How to prove that $2^{n-1}=1+1+2+4+\dotsb+2^{n-2}$ for $n>1$? This is a claim in a textbook that I'm using, although it was not proven.
When trying this for small $n$'s it is clear.
\begin{align}
2^2&=1+1+2^1=4\\
2^3&=1+1+2+2^2\\
2^4&=1+1+2+4+2^3
\end{align}
What I was thinking for the proof was $2^{n-1}=2(2^{n-2})=2^{n-2}+2^{n-2}$, but obviously that's not incorporating addition, so I don't know where to go on. Is it just expressing $2^{n-2}$ as the first summation?
 A: In binary, this is
$$1+1+10+100+...+1\underbrace{00...00}_{n-2\text{ times}}=1+\underbrace{11...11}_{n-1\text{ times}}=1\underbrace{00...00}_{n-1\text{ times}}$$
which in decimal is $2^{n-1}$.
A: What you suggest basically seems to work - I'm going to change the leading value into $n$ rather than $n-1$ for ease of reading:
First, $2^1 = 1+1$ and $2^2 = 1+1+2 = 1+2^0+2^1$
Then using induction, assuming that the summation holds for lower $n$, we can use your observation $2^n = 2^{n-1} + 2^{n-1}$ and change the first $2^{n-1}$ into the summation form, giving  $2^{n} = 1+1 + 2 + \cdots + 2^{n-2} + 2^{n-1}$ as required.
A: Let me suggest 4 ways:

*

*$ a^{n}-b^{n}=(a-b)(a^{n-1} + ba^{n-2}+ ... + b^{n-1}) \Rightarrow 2^{n} = 2^{n} - 1 + 1 = 1+2+ ... +2^{n-1}  +1 $


*Considering all subsets from set with $ n>1 $ elements and considering map between subsets and binary numbers


*Mathematical Induction


*Newton's binomial theorem
A: It's because it's a geometric progression.
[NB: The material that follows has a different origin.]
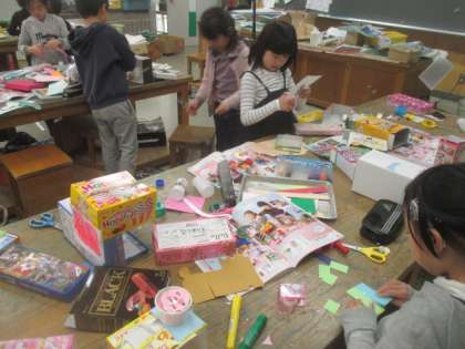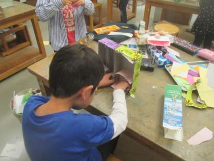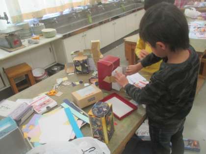 1組は、『ゆめのまち さんちょうめ』の単元の学習で、いろいろな箱を使った建物を作りました。エレベーターのあるビルや、大きな自分の部屋のあるお家など、夢中になって作っている真剣な姿に、1年生の成長ぶりがうかがえました。みんなの作品を並べて、素敵な町ができるといいですね。

Since
$$1+p_i+{p_i}^2+··· +{p_i}^{a_i} =  \dfrac{{p_i}^{a_i+1}-1}{p_i-1}. $$
you just add an extra one at the start of the progression.
A: Let $$x = \sum_{m=2}^{n}2^{m-2},$$ and note that $$1 + x = 1 + 1 + 2 + 4 + \dotsb + 2^{n-3} + 2^{n-2}\tag{1}.$$  Then, multiplying $(1)$ by $2$, we have $$2+2x = 2 + 2 + 4 + \dotsb + 2^{n-2} + 2^{n-1}\tag{2}.$$  We can rewrite $(1)$ as $$1 + x = 2 + 2 + 4 + \dotsb + 2^{n-3} + 2^{n-2}\tag{3}.$$  Subtracting $(3)$ from $(2)$ gives us $$1 + x = 2^{n-1},$$ which is the same as $$2^{n-1} = 1 + 1 + 2 + 4 + \dotsb + 2^{n-2}.$$
A: Let $S:=1+2+4+\dots+2^{n-2}$.
Then, since it's a geometric series, we have $S=\dfrac{1-2^{n-1}}{1-2}=2^{n-1}-1\implies S+1=2^{n-1}$.